A Study Testing Atumelnant Compared to Placebo in Adults with Classic Congenital Adrenal Hyperplasia to Reduce Steroid Dose While Controlling Hormones

3 1

What is this study about?

This study is looking at a condition called classic congenital adrenal hyperplasia, which is a disorder where the adrenal glands do not produce certain hormones properly. People with this condition need to take replacement hormones called glucocorticoids to help their body function normally. The treatment being tested in this study is called atumelnant, which comes in tablet form and is taken by mouth. The study will compare atumelnant with placebo to see which works better. Atumelnant is also known by its code name CRN04894.

The purpose of this study is to find out if atumelnant can help reduce the daily dose of glucocorticoid medication that people with this condition need to take, while still keeping the levels of certain hormones called adrenal androgens under control. The study will measure hormone levels in the blood, including a hormone called androstenedione and another one called 17-hydroxyprogesterone, to see if the treatment is working. The study will also look at how safe atumelnant is and what side effects it might cause.

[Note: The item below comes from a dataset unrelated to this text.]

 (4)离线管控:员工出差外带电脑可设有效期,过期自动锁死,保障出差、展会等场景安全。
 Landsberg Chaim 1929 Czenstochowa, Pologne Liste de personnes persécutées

The study will last for 32 weeks of treatment, and participants will be randomly assigned to receive either atumelnant tablets or placebo tablets. During the study, doctors will regularly check hormone levels in the blood and may adjust the dose of glucocorticoid medication based on these results. Participants will need to continue taking their regular glucocorticoid replacement medication throughout the study, and if they take a medication called fludrocortisone for mineral balance, they will continue that as well. The study will involve multiple visits to the study site for blood tests and health checks to monitor how well the treatment is working and to watch for any problems.

1 Treatment Period

This period will last for 32 weeks.

You will receive either atumelnant or a placebo (an inactive substance that looks like the study medication but contains no active ingredient). The assignment will be random, and neither you nor your doctor will know which one you are receiving.

Atumelnant is available in two strengths: 80 mg tablets and 120 mg tablets. Both are taken by mouth.

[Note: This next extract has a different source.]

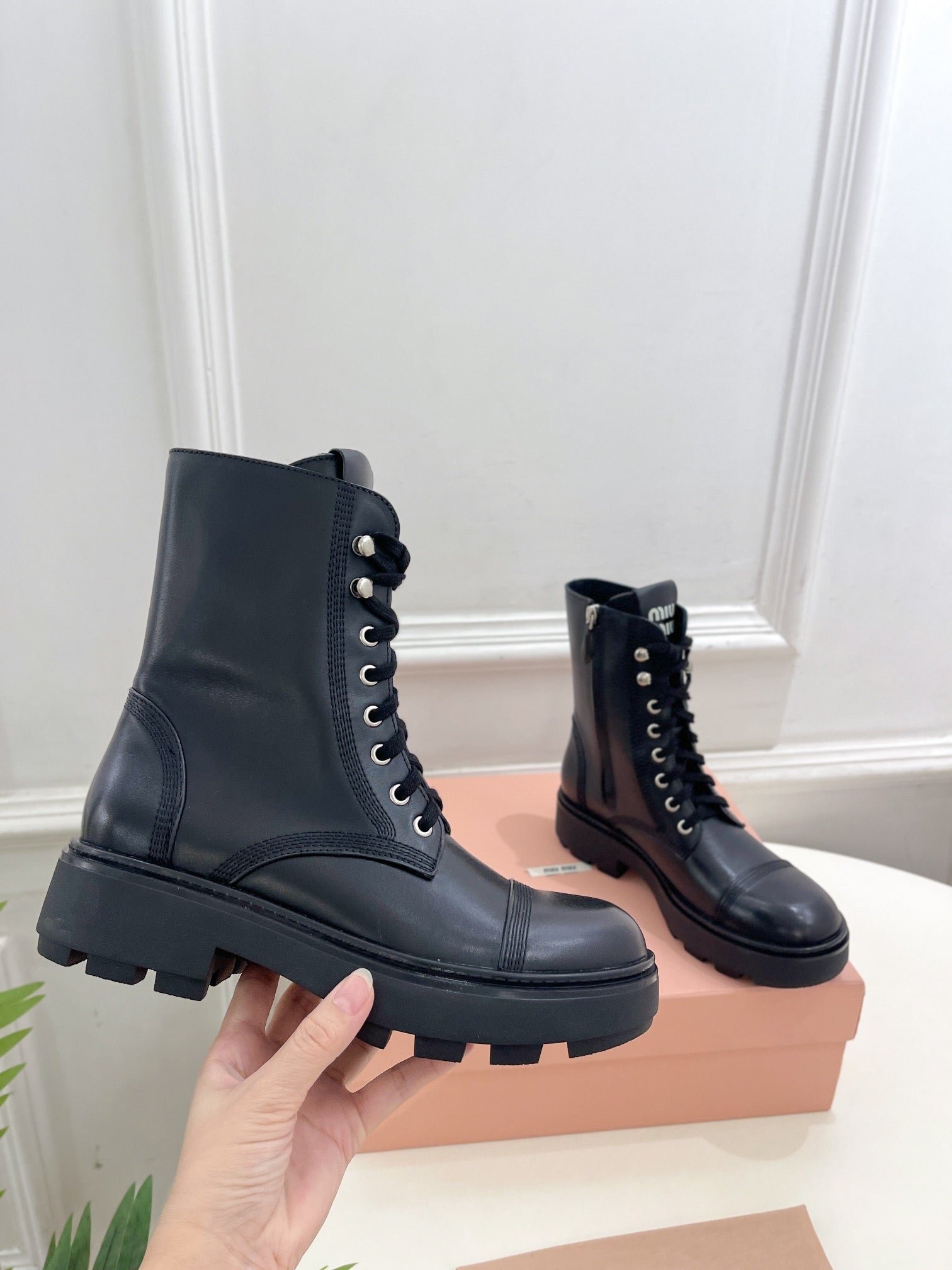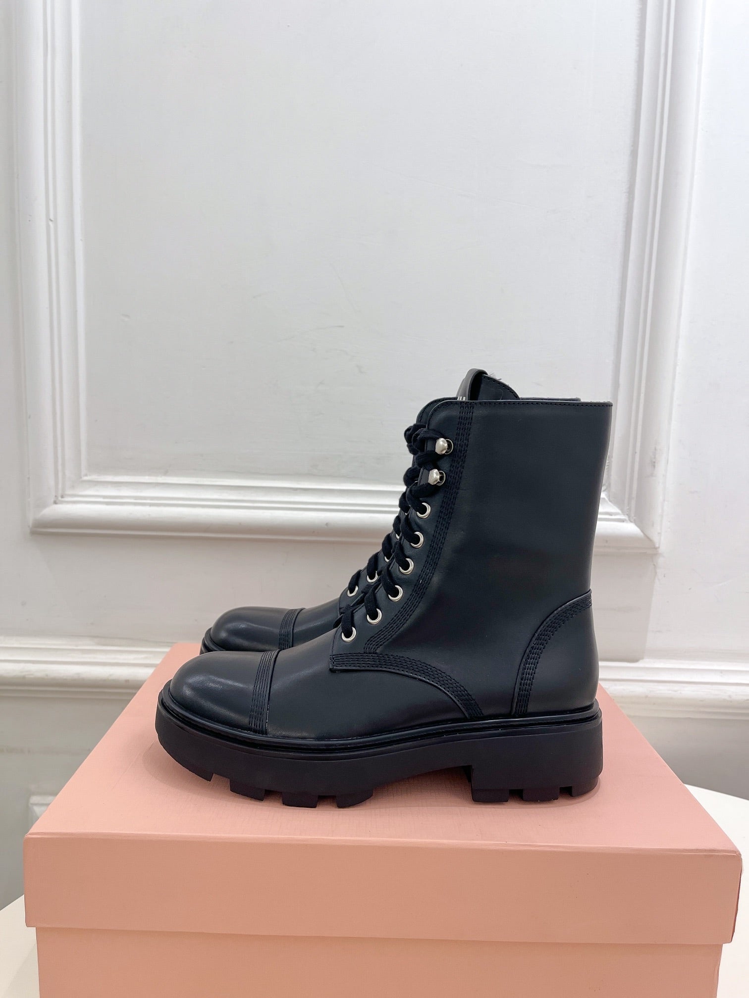Miu Lace-Up Boots Black Waxed Calfskin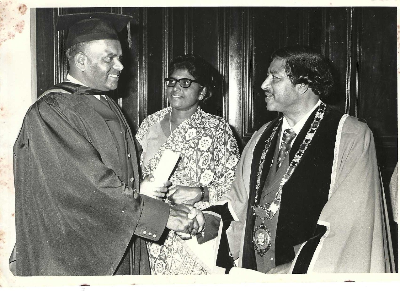 After his graduation Captain Pillai is seen with his dear wife Vimla, being congratulated by the Mayor of Isipingo, His Worship Mr Falcon Khan, circa 1975

During this period, your daily dose of glucocorticoid (a type of steroid hormone replacement medication, such as hydrocortisone, prednisolone, prednisone, methylprednisolone, or dexamethasone) may be adjusted. The goal is to reduce the amount of glucocorticoid you take while keeping your hormone levels balanced.

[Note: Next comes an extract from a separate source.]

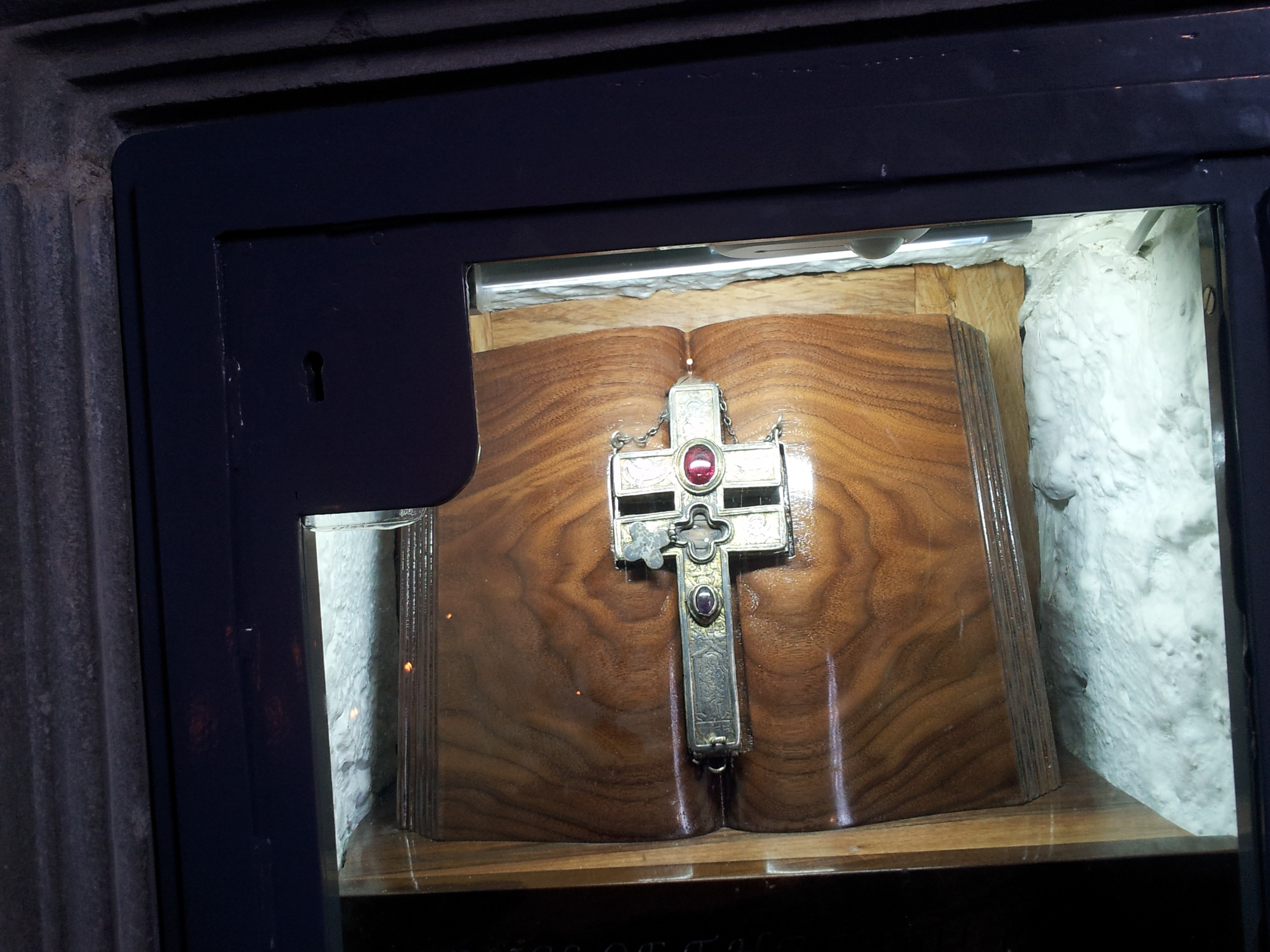 People often leave votive offerings at the statue and on the day I visited there was a large rosary beads draped around the statue’s neck and children’s shoes and a candle at the base.

You will continue taking your regular glucocorticoid medication as prescribed by your doctor throughout the study.

If you are taking fludrocortisone (a medication to help balance salt and water in your body), you will continue at your current stable dose.

If you are on estrogen therapy, you will continue at your current stable dose.

2 Study Visits and Monitoring

You will have regular visits to the study site throughout the 32-week treatment period.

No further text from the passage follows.